A pharmaceutical company that seeks federal approval for over-the-counter sales of a prescription diet pill that blocks the absorption of fat faces questions on the pill’s potential for creating vitamin deficiencies and encouraging abuse.
Two Food and Drug Administration advisory committees are to discuss on Monday allowing over-the-counter sales of orlistat, which GlaxoSmithKline Consumer Healthcare proposes to market as Alli (pronounced “ally”). That version would be half the dose of the prescription form of the drug, known as Xenical, which won FDA approval in 1999.
An FDA reviewer found the drug is a “safe and effective weight loss agent,” but held off on recommending whether the Nonprescription Drugs and the Endocrinologic and Metabolic Drugs advisory committees should in turn recommend to the FDA that it approve the drug for sale without a prescription.
The drug acts by blocking the absorption of about one-quarter the fat a patient consumes. That fat is then passed out of the body in stools, which can be loose or oily as a result.
In six-month clinical trials, obese subjects who took orlistat lost on average 5.3 pounds to 6.2 pounds more than did those who were given dummy pills, according to FDA documents released Friday.
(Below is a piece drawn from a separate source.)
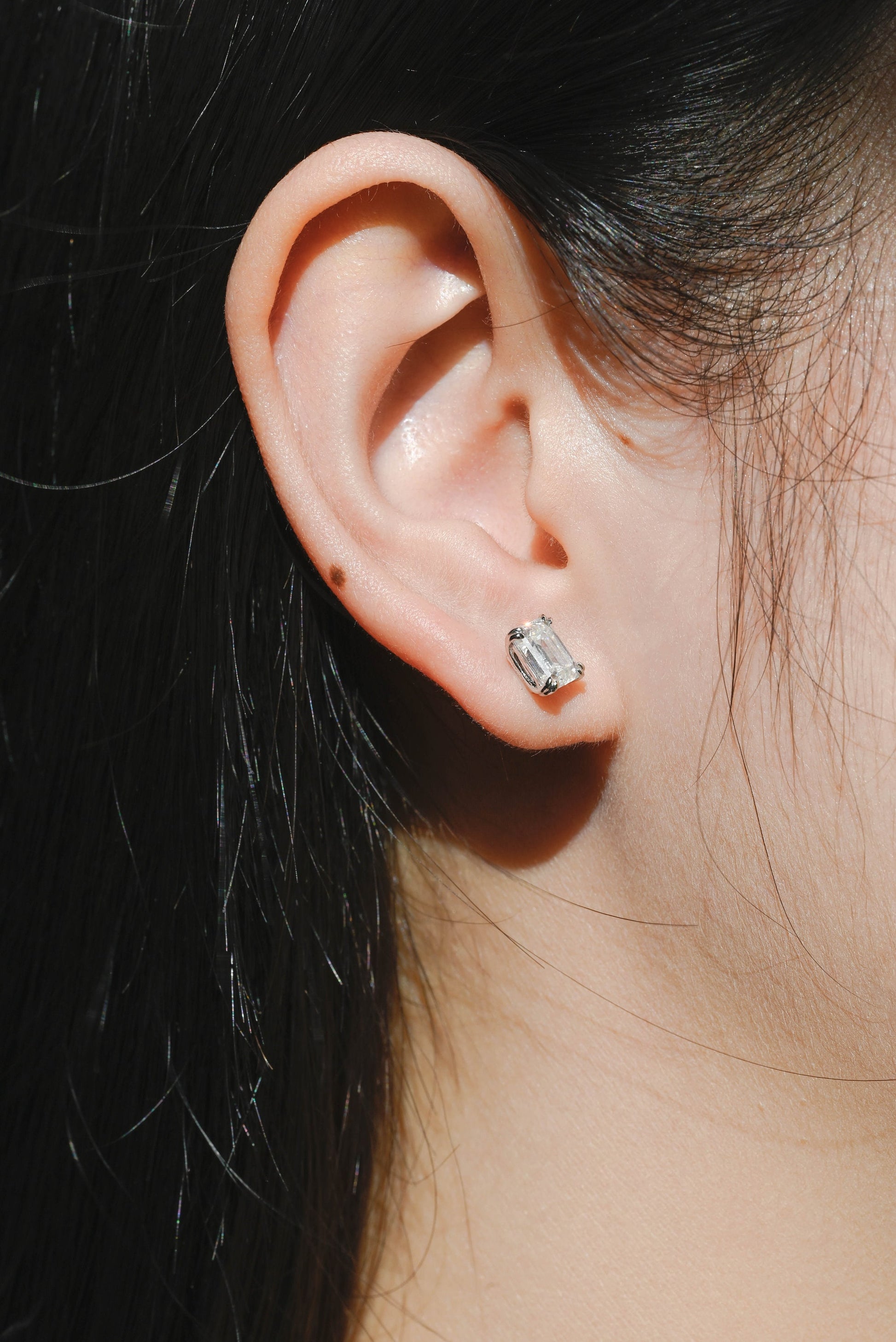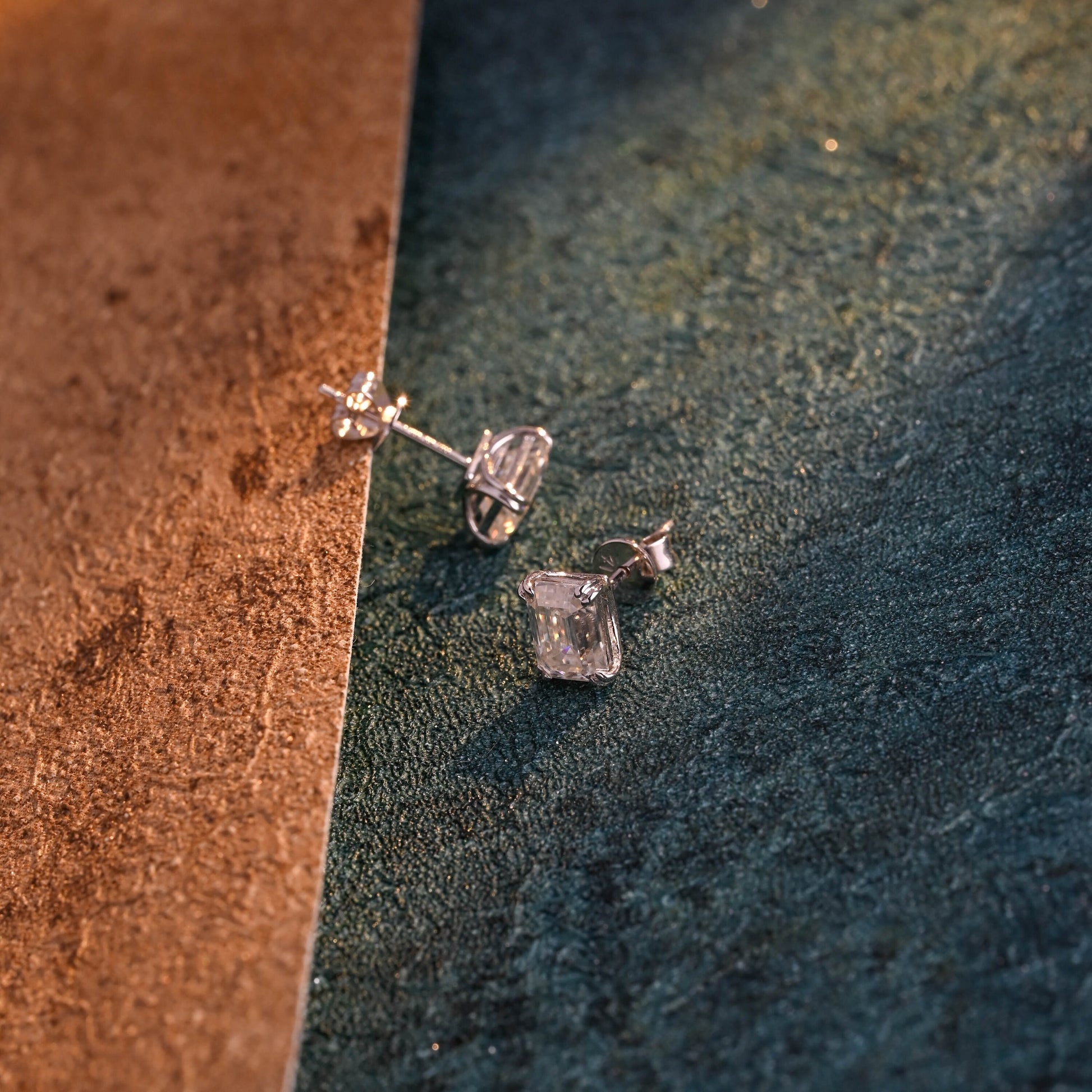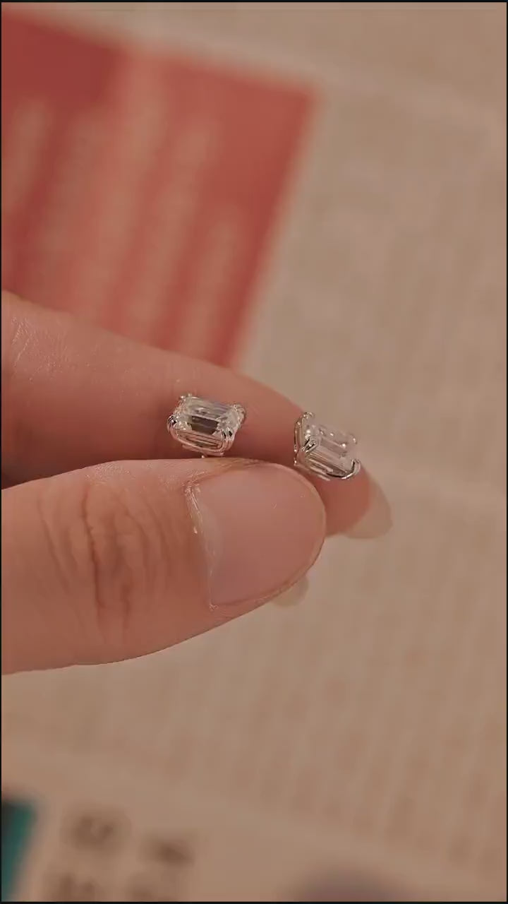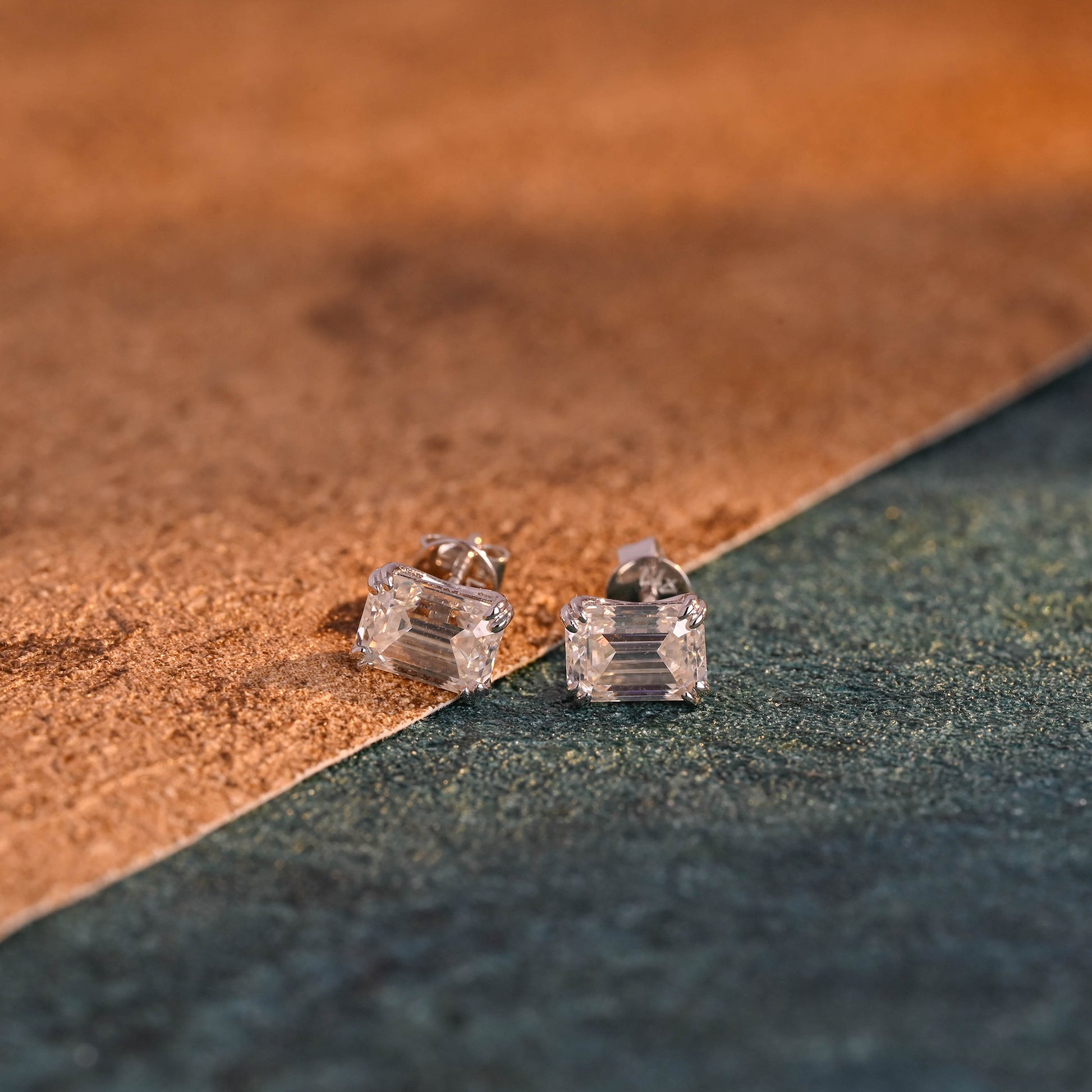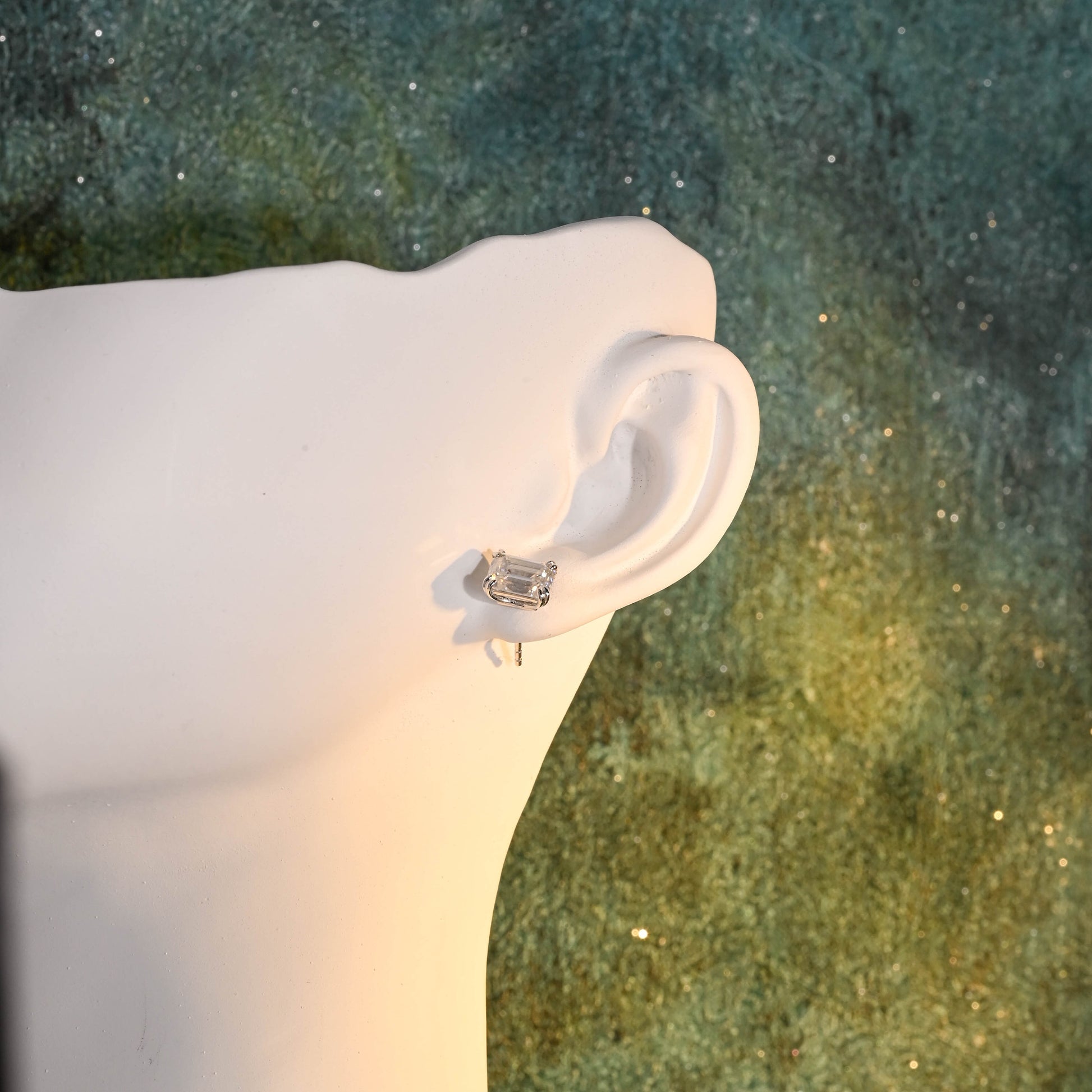 Solid Gold Emerald Cut Moissanite Studs Earrings, Art Deco Earrings, Valentine's Day/ Anniversary/ Birthday Gift for Woman, Wife, Girlfriend

FDA reviewer Dr. Karen Feibus said the primary concern with the drug is its potential to create vitamin deficiencies, since its use also would block absorption of fat-soluble vitamins like D, E, K and beta-carotene.
The company recommends patients take multivitamins when using the drug, said Steve Burton, GlaxoSmithKline’s vice president of weight control. Whether that would happen remains unclear: at least 47 percent of the people involved in trials of the drug did not take multivitamins as recommended, the FDA said.
Orlistat may also block some drugs, including cyclosporine, used to prevent rejection of kidney, liver and heart transplants. Orlistat shouldn’t be taken with that drug, the FDA said.
Furthermore, just 35 percent of diabetes patients in a study correctly stated the drug was not appropriate for them to use, according to agency documents.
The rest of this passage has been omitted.